Инженер снял крупной красной рукой с седеющей бороды пыль.

– Неужели Огюска жив? – подумал безразлично он, и опять вошла мысль о предках-киргизах, покорных судьбе и первобытно-наивных.

Он сказал вслух:

– Зачем еду? Взыскующий Града4 или ипохондрия?

И как все много думающие о себе, о своих чувствах, – он имел привычку кусать губы и растирать пальцы.

Так и тут: он, покусывая губы и слегка хрустнув пальцами, сказал ямщику:

– Гони, скорей!

Алибей ударил кнутом правую пристяжную, лошадь мотнула головой и лягнулась.

– Не пьешь! – рассмеялся Алибей.

«Так и я, судьбу хочу лягнуть», – подумал Янусов, пытаясь изобразить на лице скептическую улыбку.

* * *

Алибей наломал у Иртыша сухого тальника5 и скипятил чайник. Чайник был емкий, почти ведерный. Алибей пил усердно, после каждой чашки громко крякал и одобрительно говорил:

– Чаксы6.

И глядя на лежавшего под трашпанкой инженера, киргиз мысленно спрашивал: «Пошто мало чаю пьет? Кажись, бай богатый, а чаю мало пьет». Инженер закурил трубку и, дабы немного развеяться, спросил:

– Жив Огюс?

– Жив, иму чо. Всегда жив – ядренай старик – он сюда хотел прийти.

– Ты его видел?

– Тэк! Колодец-то у самой его зимовки. Разве бай не знает?

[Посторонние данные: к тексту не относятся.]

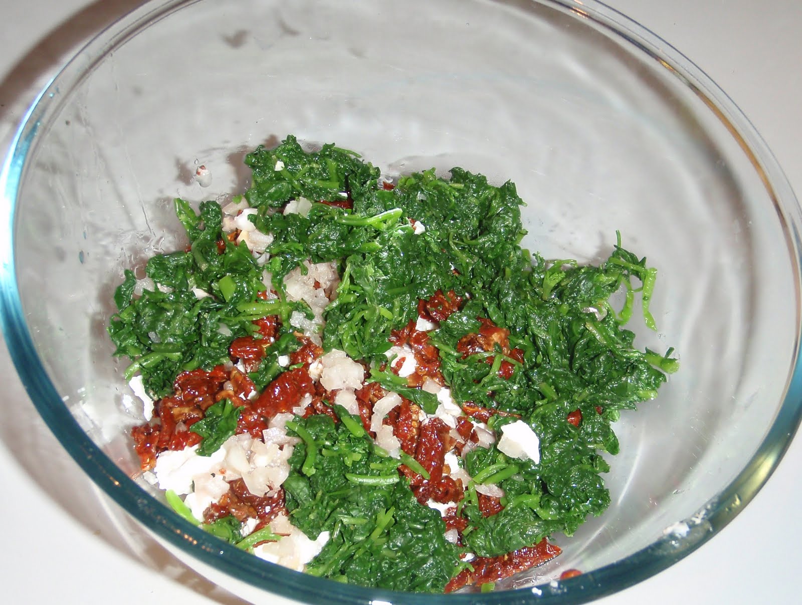 Chop up the feta, the sun-dried tomatoes, shallot and green bits and put the lot into a bowl.

И опять с неохотой вспомнил инженер свои частые побеги мальчишкой сюда на рыбалку. Почему-то захотелось испить айрана7.

– Айран есть у него?

– Айран копь8, сейчас принесу.

Алибей с шумом втянул с блюдечка чай, положил в карман кусочек сахару и, поправляя аракчин, побежал к зимовкам.

– И…о…о… – заржали на лугу лошади.

Инженер взглянул вниз, под яр. Трава, спаленная солнцем, отливала золотом с красными жилками. В светло-зеленых тальниках спрятался Иртыш, сверкало местами сквозь листву тала его тело.

«Водой хорошо пахнет», – подумал инженер и глубоко вобрал воздух.

Здесь, на яру, горячо дышал песок; огромен был синеватый, точно выцветший полог неба. Вспоминался Туркестан и Африка.

«Выкупаться бы», – прошло в голове, и тотчас же втеснилась длинная и вялая мысль об технической ошибке, допущенной приятелем-инженером. Янусов достал записную книжку.

– Аман9, бай! – раздался сзади его голос, похожий на слабое дребезжание упавшей жестянки.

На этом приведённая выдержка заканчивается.